そう言葉が漏れてしまう程に俺のダンジョンが暗くなっていた。


地理的には王都周辺の平原に来ているはずだがそこら中に黒い霧が発生して上空が闇に覆われている。


今は昼間のはずだがまるで真夜中みたいな状態だった。


「なぜこんなに暗くなってるんだ?」


「カズヤの仕業です」


「そういう防衛方針なのか?」


「申し訳ございませんが、そこまでは分かりません」


ドニシャは俺と一緒にずっと侵略してたんだもんな。


「カズヤとホロタで連絡取れるか?」


「カズヤはホロタを所有しておりません」


まあ俺がカズヤに持つよう指示してもないしな。


俺達は暗い平原を進んでいく。


闇の俺には問題無く周囲を視認出来るし、恐らく眷属達も平気で移動しているから大丈夫なはずだ。

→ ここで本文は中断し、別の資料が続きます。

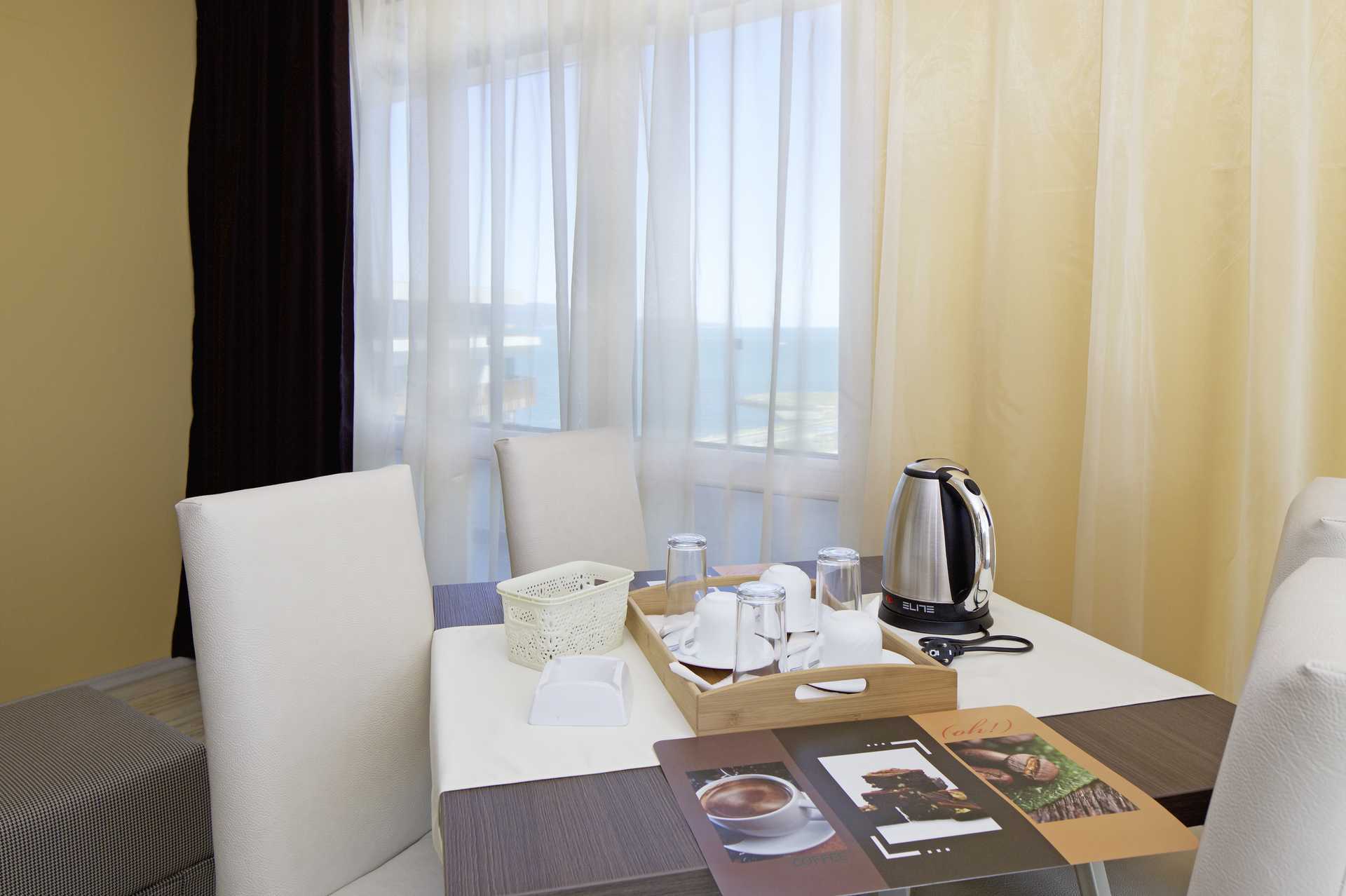 Perhehuone parvekkeella, osa rajoitetulla merinäköalalla. Makuuhuone ja olohuone. Parivuode. Lisävuodemahdollisuus vuodesohvasta. Vedenkeitin, kahvia ja teetä. Maksuton wifi, ilmastointi ja tallelokero. Televisio kansainvälisillä kanavilla molemmissa huoneissa. Hiustenkuivain. Suihku ja wc. Siivous 7 krt/viikko.
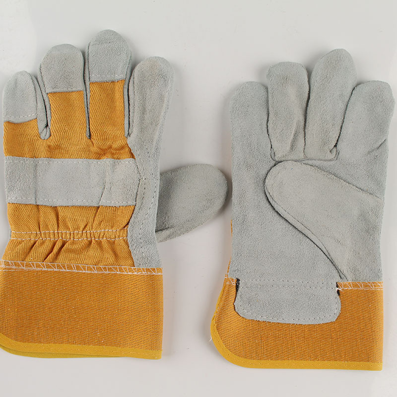 도매용 용접 내마모성 작업용 반가죽 용접 장갑 노란색 천 두 손가락 전용 전기 용접 아크 용접용

王都跡地に差し掛かったところで奥から何かがやって来た。


緑色をした半透明の騎馬がこちらに突撃して来ている。


眼の部分からは薄っすら光を放ちマントを靡かせて剣を振りかぶった。


「無礼者め!」


ドニシャが叫び騎馬に向かって黒い波動を直進させる。


騎士が剣を振り降ろすと裂かれた黒い波動は雲散した。


ドニシャが黒い杖の槍を召喚して構えたがクルクが前に出た。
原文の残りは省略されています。